- **MATERIAL PROVIDED**:
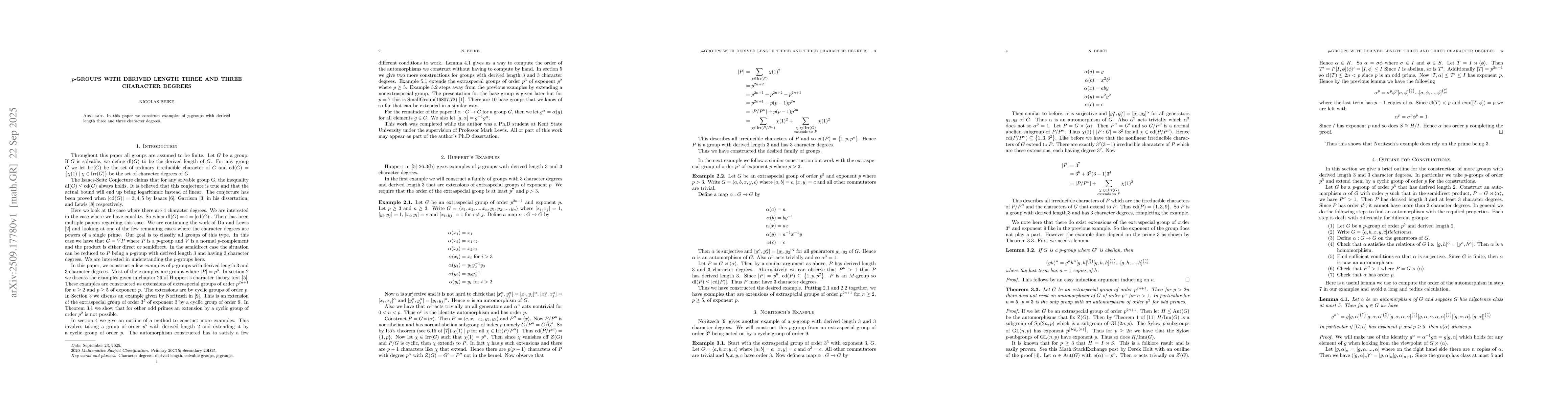 The paper constructs examples of p-groups with derived length three and three character degrees through explicit group extensions and automorphism analysis.
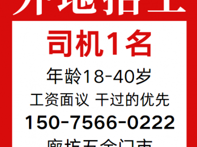 招工:廊坊五金标准门市招工, 司机1名,年龄18-40岁,工资面议。 干过的优先。
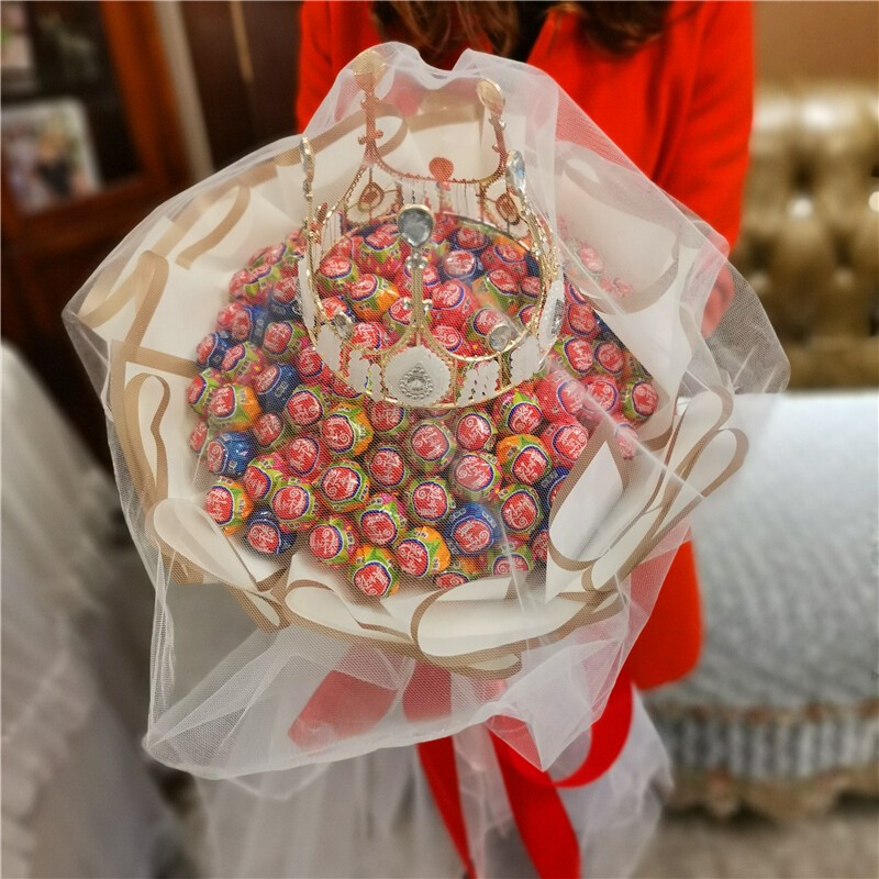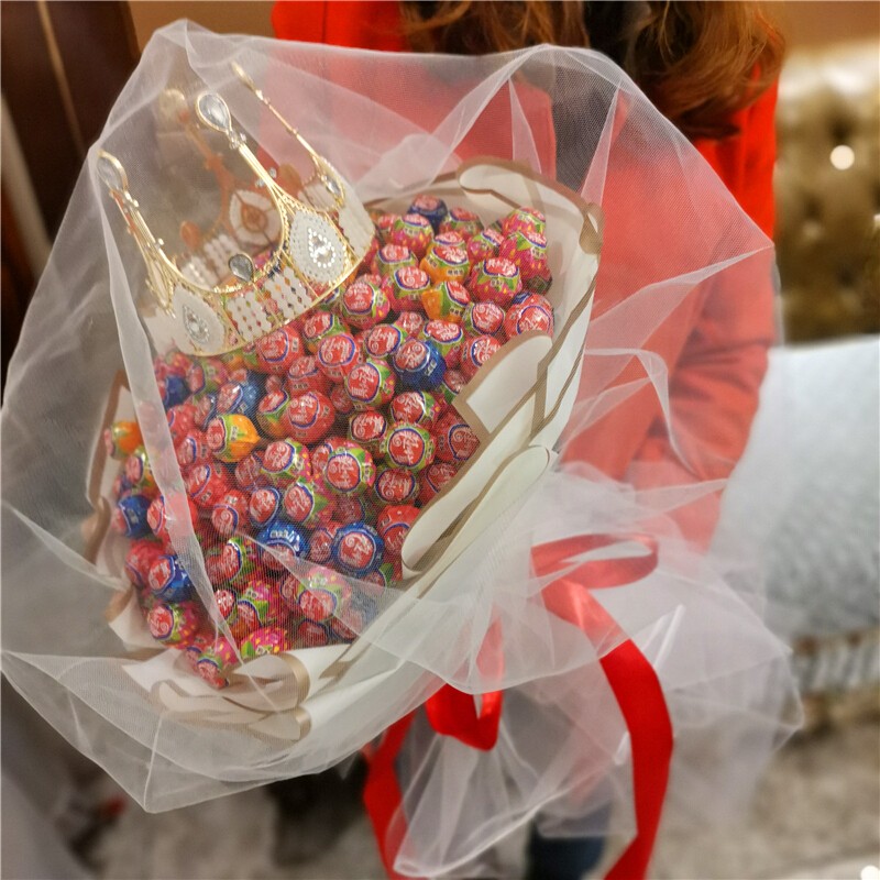 花材: 99颗棒棒糖,1个皇冠花面装饰。

- **WHAT IS REQUIRED**:
Go through the listing above and retype it exactly, skipping every picture.

- **RESULT OF THE TASK**:
 The paper constructs examples of p-groups with derived length three and three character degrees through explicit group extensions and automorphism analysis.
 招工:廊坊五金标准门市招工, 司机1名,年龄18-40岁,工资面议。 干过的优先。
 花材: 99颗棒棒糖,1个皇冠花面装饰。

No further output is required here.